Exercise brief
Both the line with "In the bottom" and the line with "Wężyk pneumatyczny wprowadzamy" in the records below must appear in the output, along with every line between them, exactly and with nothing added.

Input for this task
BEGIN
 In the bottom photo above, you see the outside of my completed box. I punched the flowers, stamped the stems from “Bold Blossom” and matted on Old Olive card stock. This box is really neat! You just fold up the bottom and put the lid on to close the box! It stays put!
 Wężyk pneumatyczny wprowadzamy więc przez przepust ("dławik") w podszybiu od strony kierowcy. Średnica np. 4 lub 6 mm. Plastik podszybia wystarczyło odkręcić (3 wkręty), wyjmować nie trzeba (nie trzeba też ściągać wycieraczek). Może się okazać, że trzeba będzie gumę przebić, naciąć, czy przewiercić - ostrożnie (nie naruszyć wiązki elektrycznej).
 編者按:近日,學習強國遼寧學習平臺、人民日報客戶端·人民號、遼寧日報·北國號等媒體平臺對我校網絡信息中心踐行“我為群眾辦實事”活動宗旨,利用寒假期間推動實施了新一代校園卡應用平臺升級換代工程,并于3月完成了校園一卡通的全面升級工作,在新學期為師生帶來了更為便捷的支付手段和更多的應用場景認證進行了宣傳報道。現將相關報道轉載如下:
END
BEGIN
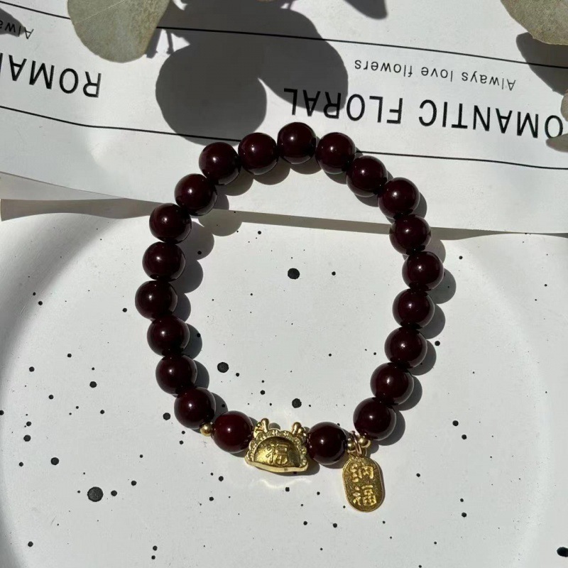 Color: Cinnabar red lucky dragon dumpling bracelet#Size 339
END
Output for this task
 In the bottom photo above, you see the outside of my completed box. I punched the flowers, stamped the stems from “Bold Blossom” and matted on Old Olive card stock. This box is really neat! You just fold up the bottom and put the lid on to close the box! It stays put!
 Wężyk pneumatyczny wprowadzamy więc przez przepust ("dławik") w podszybiu od strony kierowcy. Średnica np. 4 lub 6 mm. Plastik podszybia wystarczyło odkręcić (3 wkręty), wyjmować nie trzeba (nie trzeba też ściągać wycieraczek). Może się okazać, że trzeba będzie gumę przebić, naciąć, czy przewiercić - ostrożnie (nie naruszyć wiązki elektrycznej).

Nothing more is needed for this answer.